The two designs that came to mind first for me are the two you have mentioned: a 2^3 full factorial or a 3 factor CCD. I kind of lean toward the CCD.

For one thing, the CCD design is a 2^3 factorial + extras. Rather than replicating the 2^3 design, you could run the 2^3 design once (using 2 lots), and see how it looks. Then you could add the extra points - the center and the 6 axial points (using another 3 lots). It is a few more runs, but it give additional info. The repeated center points would tell you about variation within a lot and the variations between lots. The axial points would allow you to estimate the "curvature" of the dependence of the process on these variables. This might allow you to optimize the settings, rather than just choosing between "high" and "low".

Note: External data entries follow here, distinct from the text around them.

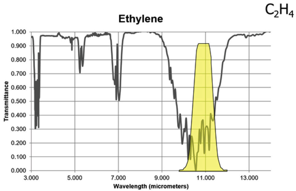 Ethylene has two strong absorption bands, but a longwave sensor will detect this gas with greater sensitivity than a midwave sensor based on the transmittance curve shown below.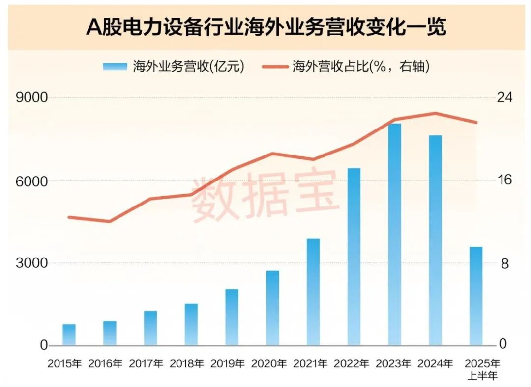 作为产业中坚力量,A股电力设备企业全球化步伐坚定有力。据证券时报·数据宝统计,2024年A股电力设备行业海外业务营收达到7628.84亿元,较2020年增长180.52%;海外营收占比升至22.48%,较2020年提高3.89个百分点。2025年上半年,电力设备行业海外业务营收达到3589.8亿元,占比为21.6%,全球化布局成效持续显现。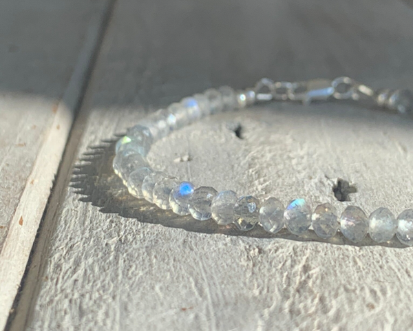 Das zarte Labradorit Armband haben wir bewusst minimalistisch gehalten. Wir fertigen es dir passgenau an, so dass die funkelnden Edelsteinrondelle im Fokus sind und nichts weiter von den wunderschönen Labradoritrondellen ablenkt. Die für deinen Armumfang exakte Größe ergibt einen hohen Tragekomfort, rundherum ganz schlicht und ohne hängende Elemente.
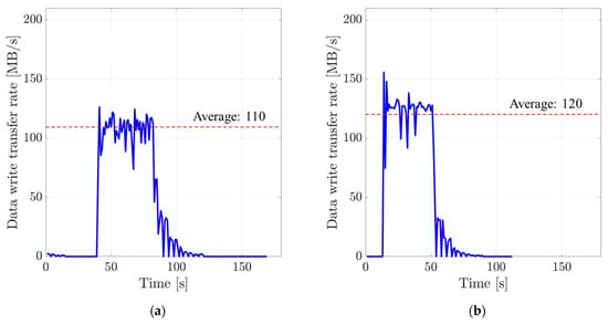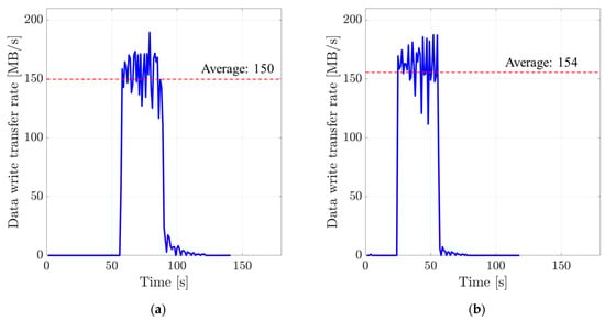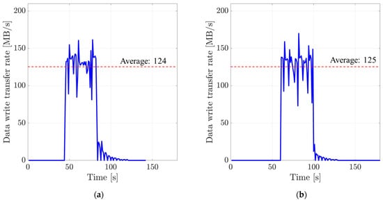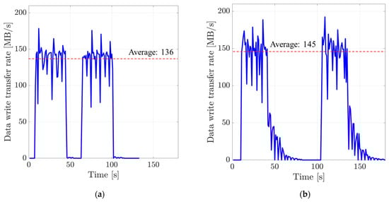 In this study, the buffer sizes were selected as powers of two, such as 512, 256, or 128 MB, for ease of implementation. However, the tests showed that the difference in the data write rates between the 130 MB and 128 MB configurations was not remarkable. Therefore, it is not mandatory to use a buffer size with a power of 2, as the write rate increases regardless of the buffer size. Additionally, for every configuration in each approach, the writing test was conducted multiple times. There was no remarkable difference between the average write rates of these tests and those described in Table 2. This stability is attributed to the 5 GB of data used in each writing test, which was sufficiently large to ensure generalization.

CCD requires that the process can be set to multiple levels. Ideally the variables would be continuously adjustable to meet 5 unevenly spaced values. If that is a problem, you can adjust "alpha" so that 5 evenly spaces values would work. (You can even do 3 evenly spaced values, but that looses some of the power of the design.)

It would be slightly better experimentally to run all the trials in a more random order, but I don't think it would be a major concern here, unless you believe that the variations from one lot to the next are fairly significant.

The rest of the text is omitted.